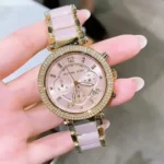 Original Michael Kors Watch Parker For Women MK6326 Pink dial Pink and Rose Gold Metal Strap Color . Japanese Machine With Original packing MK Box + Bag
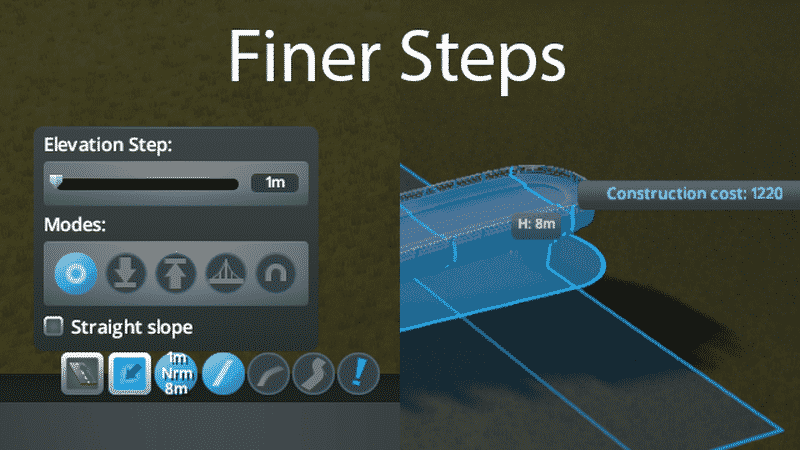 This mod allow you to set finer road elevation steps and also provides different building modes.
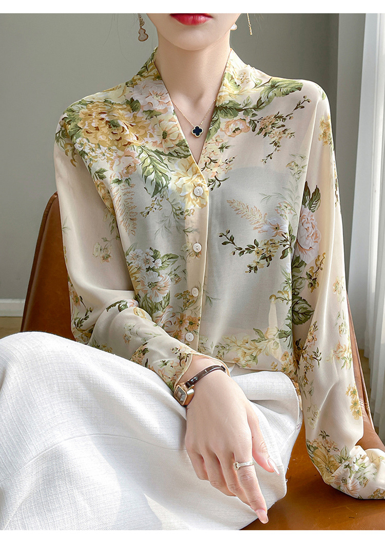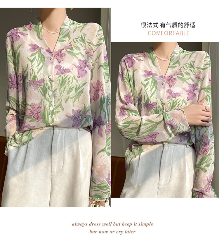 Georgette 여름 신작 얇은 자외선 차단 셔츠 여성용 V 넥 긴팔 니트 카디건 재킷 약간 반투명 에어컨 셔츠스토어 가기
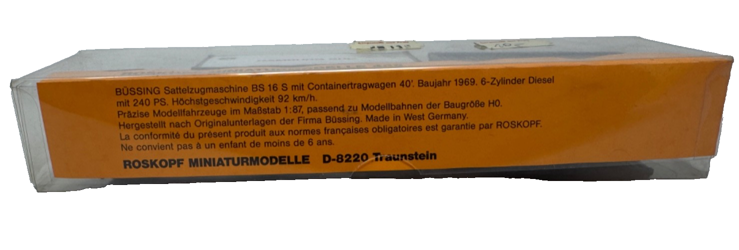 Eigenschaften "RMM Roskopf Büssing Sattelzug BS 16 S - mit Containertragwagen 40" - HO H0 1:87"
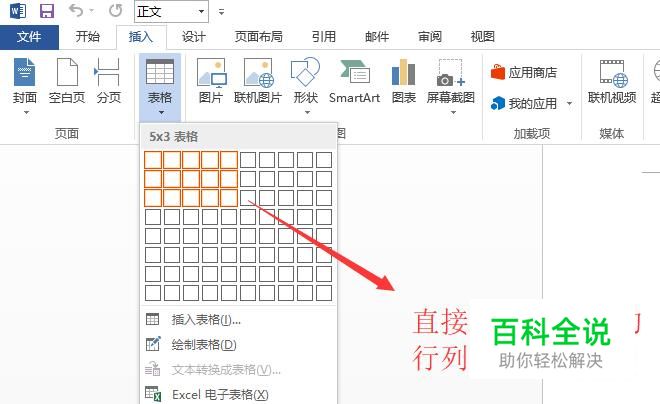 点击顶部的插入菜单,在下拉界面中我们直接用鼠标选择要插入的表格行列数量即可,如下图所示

# # #

Task directions - Once the line containing "Roskopf Büssing Sattelzug" has been found, write out exactly that line and each one after it through the end of the data, leaving out every picture.

Task response -
 Eigenschaften "RMM Roskopf Büssing Sattelzug BS 16 S - mit Containertragwagen 40" - HO H0 1:87"
 点击顶部的插入菜单,在下拉界面中我们直接用鼠标选择要插入的表格行列数量即可,如下图所示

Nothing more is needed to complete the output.